Image composited from user photos of the 2009 MacBook with Hebrew Keyboard.

Hungarian Keyboard (MC184MG/B)


Image composited from user photos.

Icelandic Keyboard (MC184IS/B)


Image re-created based on reseller photos of the 2009 MacBook with Icelandic Keyboard.

Italian Keyboard (MC184T/B)


Image from the US Apple Store.

Japanese (Hiragana) Keyboard (MC184J/B)


Image from the Japan Apple Store.

Korean (Hangul) Keyboard (MC184KH/B)


Image from the Korea Apple Store.

Norwegian Keyboard (MC184H/B)


Image from the Netherlands Apple Store.

Polish Keyboard (MC184PL/B)


Image from the Poland Apple Store.

Portugese Keyboard (MC184PO/B)


Image from the Portugal Apple Store.

Romanian Keyboard (MC184RO/B)


Image re-created from user photos of the 2006 and 2009 MacBook Pro with Romanian Keyboard.

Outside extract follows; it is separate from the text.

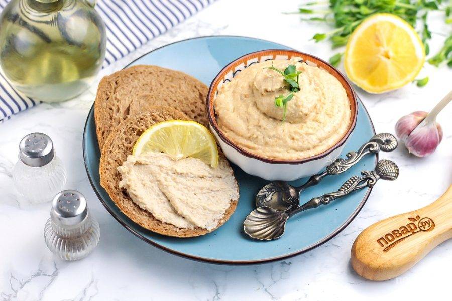 Выложите тахини в пиалу, подайте к столу с хлебом, лавашом, паштетом и т.д. Украсьте свежей зеленью. Приятного вам аппетита!
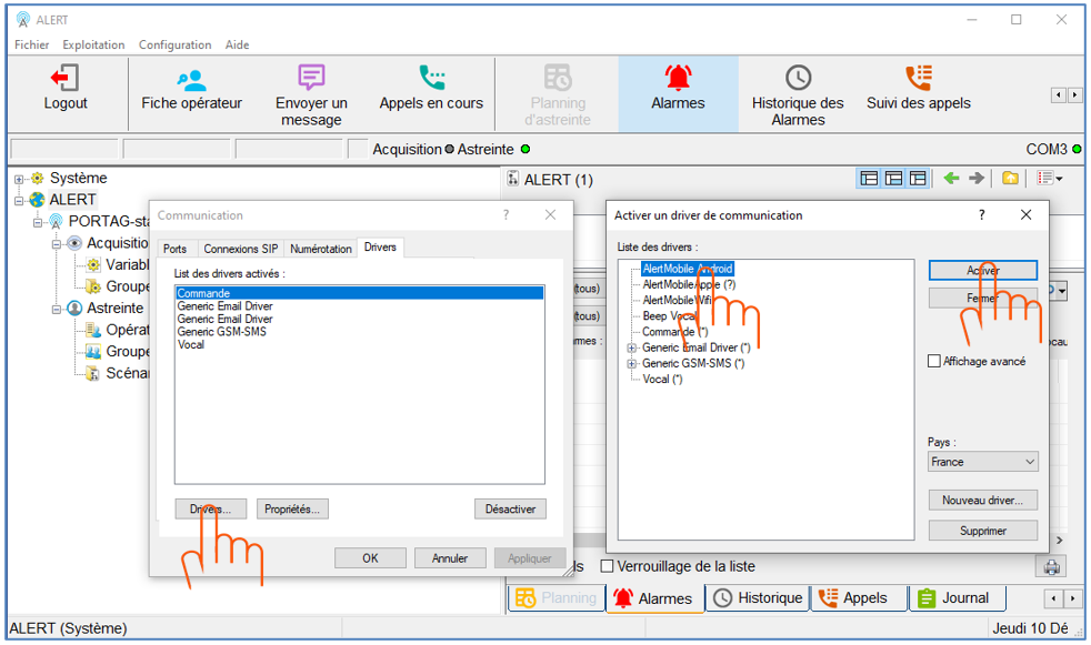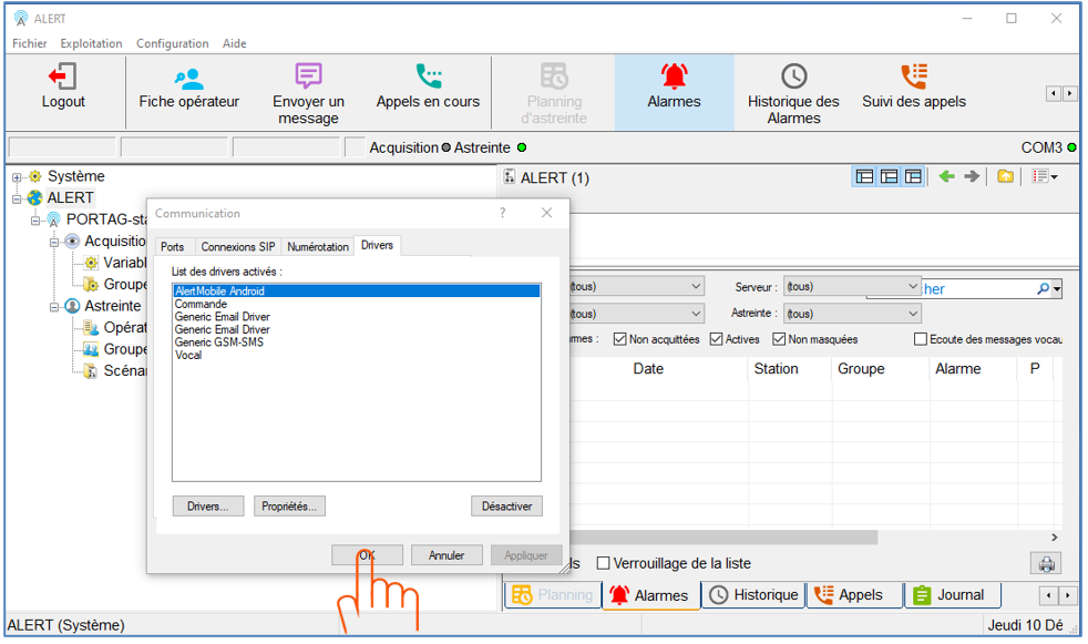 Si vous ne trouvez pas le pilote ALERTMobile Android dans la liste, consulter cette rubrique :

Russian Keyboard (MC184RS/B)


Image from the Poland Apple Store.

Slovak Keyboard (MC184SL/B)


Image composited from reseller images of the 2009 MacBook with Slovakian keyboard.

Spanish Keyboard (MC184Y/B)


Image from the Spain Apple Store. Mis-labeled on Apple’s other sites where they display the English (US) keyboard.

Swedish Keyboard (MC184S/B)


Image from the Sweden Apple Store. A version of this keyboard may also be marketed as MC184K/B for Finland.

Swiss Keyboard (MC184SM/B)


Image composited from Apple’s image for the Swiss Wired Keyboard. Mis-labeled on Apple’s sites, which displays the German keyboard.

Taiwanese Keyboard (MC184TA/B)


Image from the Taiwan Apple Store. A version of this keyboard may also be marketed as the MC184CH/B for China.

Thai Keyboard (MC184TH/B)


Image from the Thailand Apple Store.

Turkey Keyboard (MC184TU/B)


Image re-created from reseller photos of the 2009 MacBook with Turkey Keyboard.

Turkey Q Keyboard (MC184TQ/B)


Image composited from reseller photos of the 2009 MacBook with Turkey Q Keyboard.